Home Health care provider The pandemic has seen an exodus of healthcare workers. Here’s how to win them back.

The pandemic has seen an exodus of healthcare workers. Here’s how to win them back.



After 18 months on the front lines of the fight against COVID-19, hospital workers have become exhausted and cynical. They show their frustration by stopping in large numbers. This is especially true for nurses. An obvious burnout crisis is upon us. But there are ways to alleviate this crisis. Here’s how to win back healthcare workers:

The COVID-19 pandemic has laid bare that we have an inadequate plan to respond to medical disasters at the federal, state, departmental, municipal and hospital levels. The federal government has rushed in vain to increase supplies of life-saving masks and ventilators. Individual states have faced varying degrees of health worker shortages: doctors and nurses were in short supply in some areas, but in others they remained inactive.

The response to crises at all levels of government must be clearly defined. What’s the plan for another respiratory disease crisis? What other medical crises are possible and what plans are in place to deal with them? These comprehensive preparations should be described annually to all hospital staff to send a clear message to frontline workers that we are ready and supporting them.

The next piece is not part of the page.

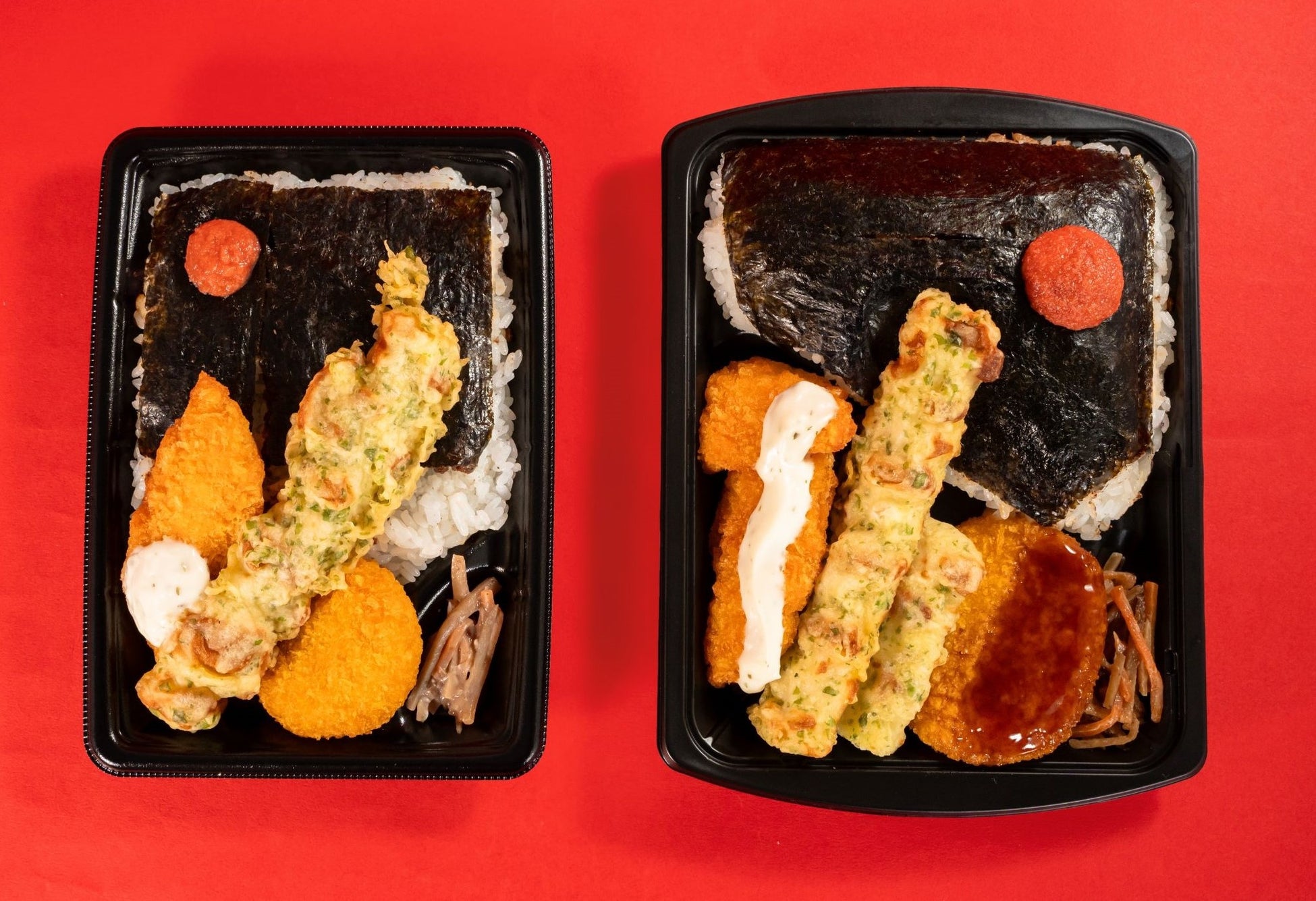 【内容】明太子、白身魚フライ、ちくわ磯辺天、コロッケなどを盛り合わせた海苔弁です。すべての具材とご飯が、それぞれ「たぶん40%増量」しています。
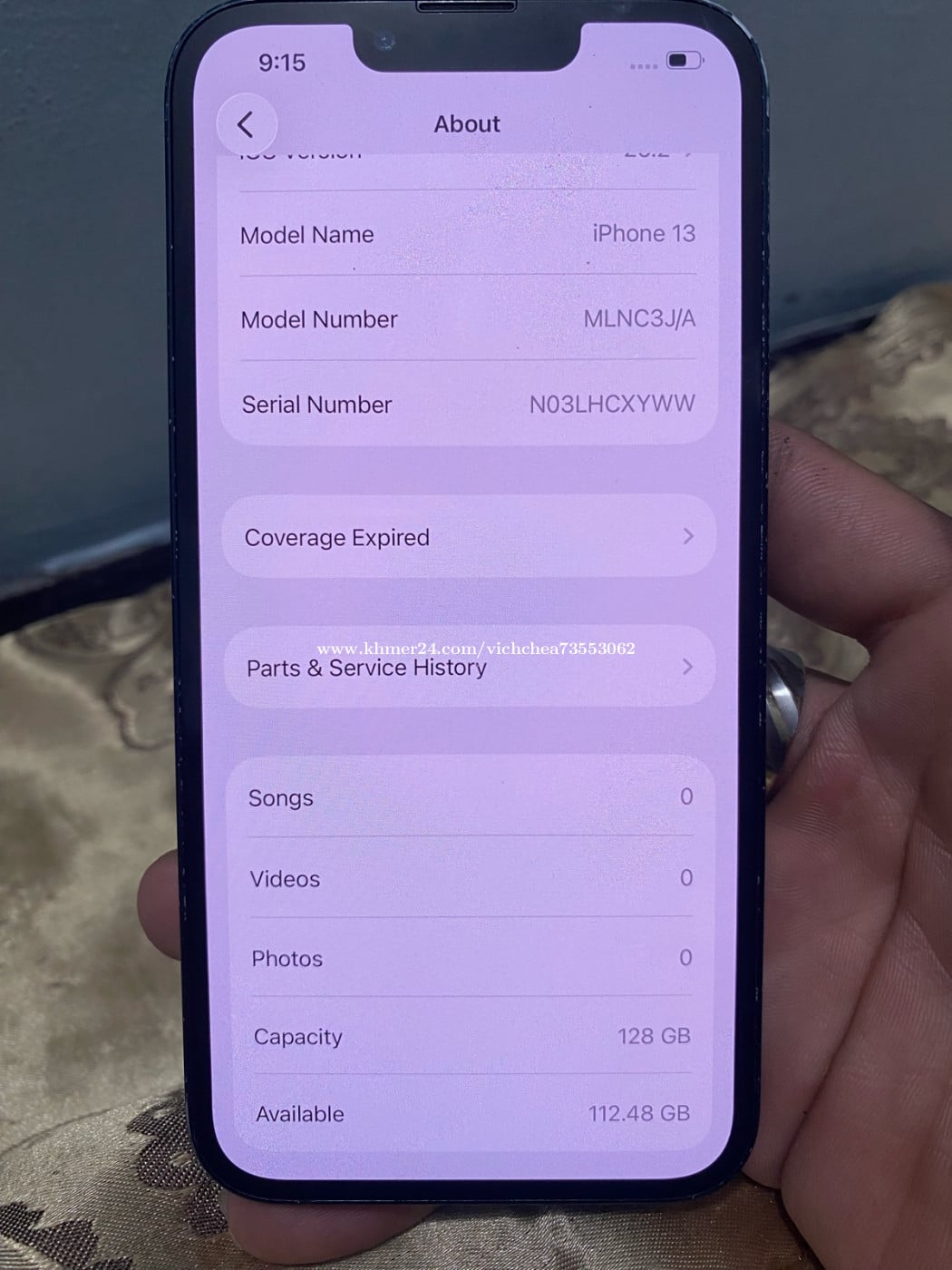 iphone13 128GB Zin all សម្បកស្ទើរបើដូរគិត250$អោយ ពណ៏រើសបាន ធានា7ថ្ងៃ ហេងៗបង

Healthcare workers have been significantly affected by the extreme racial and economic inequalities experienced by patients who contracted, suffered and died from COVID-19. We like to think that everyone should have similar access to the resources and basic care necessary to sustain life. But the pandemic has exposed the gross inequality that exists in the United States.

Black Americans were almost four times more likely than whites to die from COVID-19. Black and Hispanic Americans were more likely than whites to contract and be hospitalized for the disease. This sharp disparity in health outcomes is nothing new, but I hope the lessons of the pandemic inspire us to improve equality in health insurance, health outcomes and access to health care. , especially at the primary care level. This will have to be done at the federal level with the cooperation of the states, with the government vested with the power and the money to effect the appropriate changes.

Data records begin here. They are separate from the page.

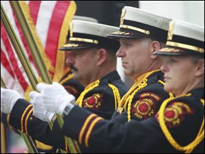 Toledo honor guard member Craig Ellis, center, presents the colors with other honor guard members at the start of the Toledo Fire Department's annual memorial service.
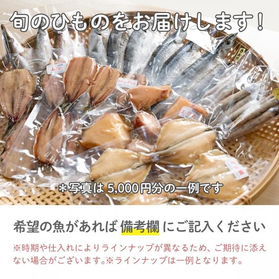 ・旬の魚のひものをお届けするため、詰め合わせる種類はおまかせとなります。
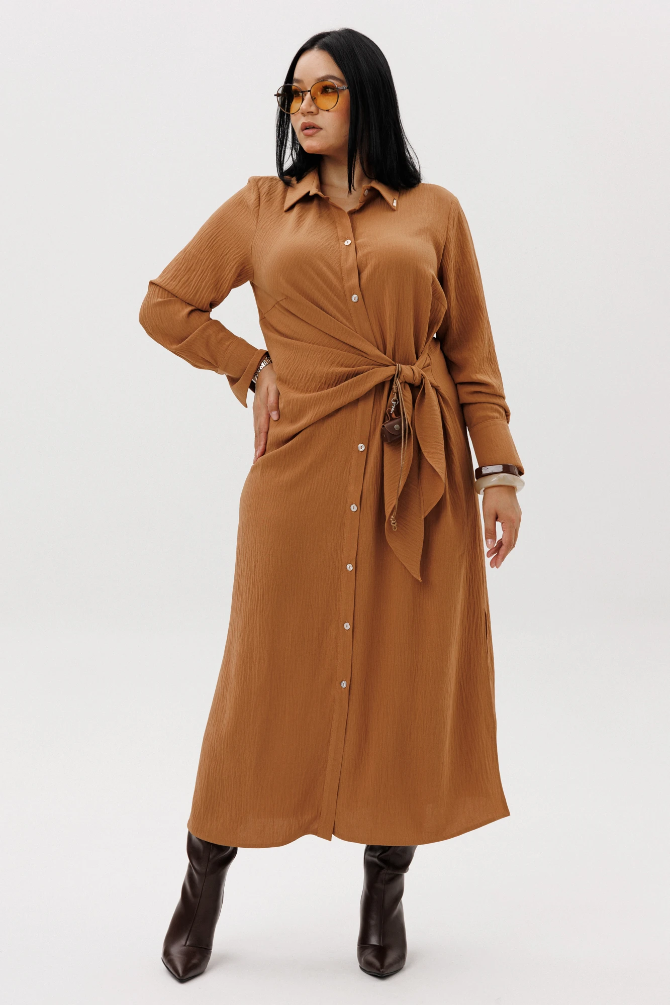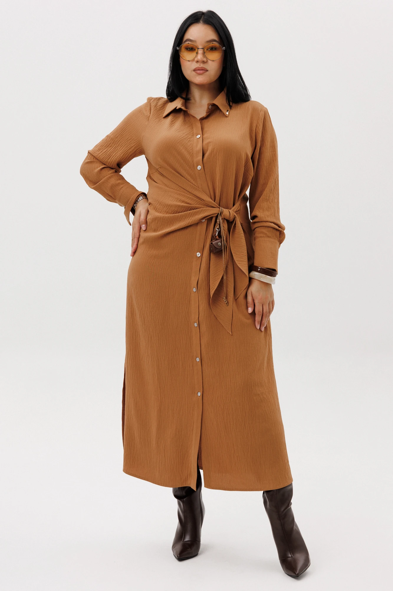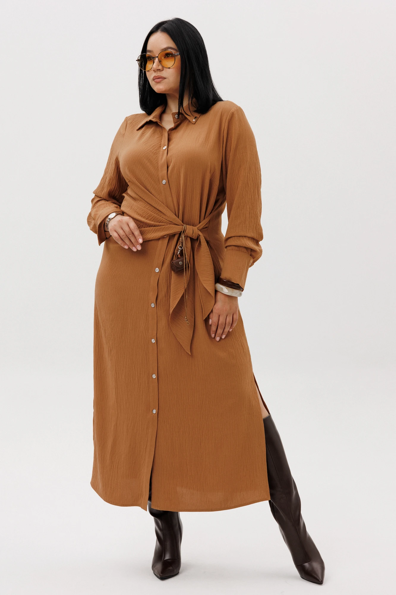 Платье рубашка от бренда «Анастасия» - создано для тех, кто ценит комфорт и элегантность. Изготовленное из турецкой ткани, оно обеспечивает мягкость и легкость при носке. Платье оригинального кроя. Полочка ассиметричная: с одной стороны идет драпировка, переходящая в пояс, со второй стороны: пояс-завязка из бокового шва. Застежка -планка на петли и пуговицы. Платье миди дополнено отложным воротником и длинными рукавами на манжете. Платье с пуговицами спереди подходит практически всем. Нарядное платье идеально для повседневной носки и стиля casual кэжуал. Повседневное платье рубашка - необычный вариант на каждый день, для прогулок, встреч в кафе и даже для работы, если позволяет дресс-код. Наряд надевают не только на повседневку, но и на фотосессию, на праздничные мероприятия – день рождения, новый год, новогодняя вечеринка. Модное платье с длинными рукавами можно комбинировать с разной обувью и одеждой для создания молодежных образов. Стильное платье идеально подойдет для повседневных выходов, особенно когда нужно добавить шарма и изящности в ваш образ. Оно также станет отличным выбором для особых случаев, таких как свадьба подруги, новогодний вечер или другие праздничные мероприятия. Универсальная длина миди и классический фасон рубашки делают его отличным выбором как для повседневного, так и для делового образа. Идеальное сочетание стиля и удобства для тех, кто ценит изысканность в каждой детали. Нам важно ваше мнение отзывы. Длина по спинке (48-52)-125см, (54-58)-126см. Длина рукова с манжетой: (48-58)-63см.

A shortage of nurses had lasted for a decade, but its magnitude was accentuated by the pandemic. In the latest wave of the virus to spread, hospitals facing a shortage of nurses have started shedding beds and refusing surgeries. There are 6,000 nursing vacancies in Louisiana today, and there are 2,000 fewer nurses in Mississippi today than in early 2021.

A 2019 opinion poll by the Association of American Medical Colleges found that 35% of people had difficulty finding a doctor, up 10 percentage points from 2015.

Doctors are also often tied to a single state due to licensing, hampering their ability to see telemedicine patients and respond to a crisis. We need to make a plan to use telemedicine more effectively. We must also end state-level restrictions on medical practice during pandemics. Perhaps more importantly, we need to train more nurses and we need to value them more.

The rapid virulence of COVID-19 has also made it clear that we need to better understand the limits of medicine and what the human body can and must endure. In a 1957 declaration, Pope Pius XII made a very important distinction between ordinary and extraordinary measures. Common measures include dressing a cut or taking an antibiotic for pneumonia. Extraordinary measures include being placed on a ventilator or undergoing experimental chemotherapy. These extraordinary interventions place an enormous burden on the patient, often with only vague assurances of success.

In his speech, Pope Pius XII declared that there is no spiritual obligation to undergo extraordinary measures if they are unsuccessful. Understanding this distinction and having each patient define in a living will a comfort level with extraordinary measures would go a long way in relieving a patient’s end-of-life burdens, often placed on caregivers and hospital staff. Discussions about end-of-life care, while difficult, should take place with family or close friends – and with your family doctor at least once a year.

This last recommendation is the least concrete, but perhaps the most important. Recently, there appears to be a general decline in civility in hospitals. We need to focus on kindness and hope when interacting with caregivers in the hospital. Medicine is an imperfect science, practiced by people we know to be imperfect. There are too many stories today of doctors – and nurses – facing abuse. Doctors often hear “You treat my relative like a guinea pig” or “You ignore my mother and do not care for her”. For nurses, physical violence is common.

Understand that healthcare workers have dedicated their lives to a generous profession. Your fight is our fight. When we return home at the end of the day, we judge ourselves by the healing we have been able to achieve. Think of the hospital for what it is: a place where healing needs to happen in a collaborative and organized way.

Michael J. Stephen is Associate Professor of Medicine at Thomas Jefferson University and Director of the Adult Cystic Fibrosis Center. He is also the author of the recently published book “Breath Taking: The Power, Fragility and Future of Our Extraordinary Lungs”.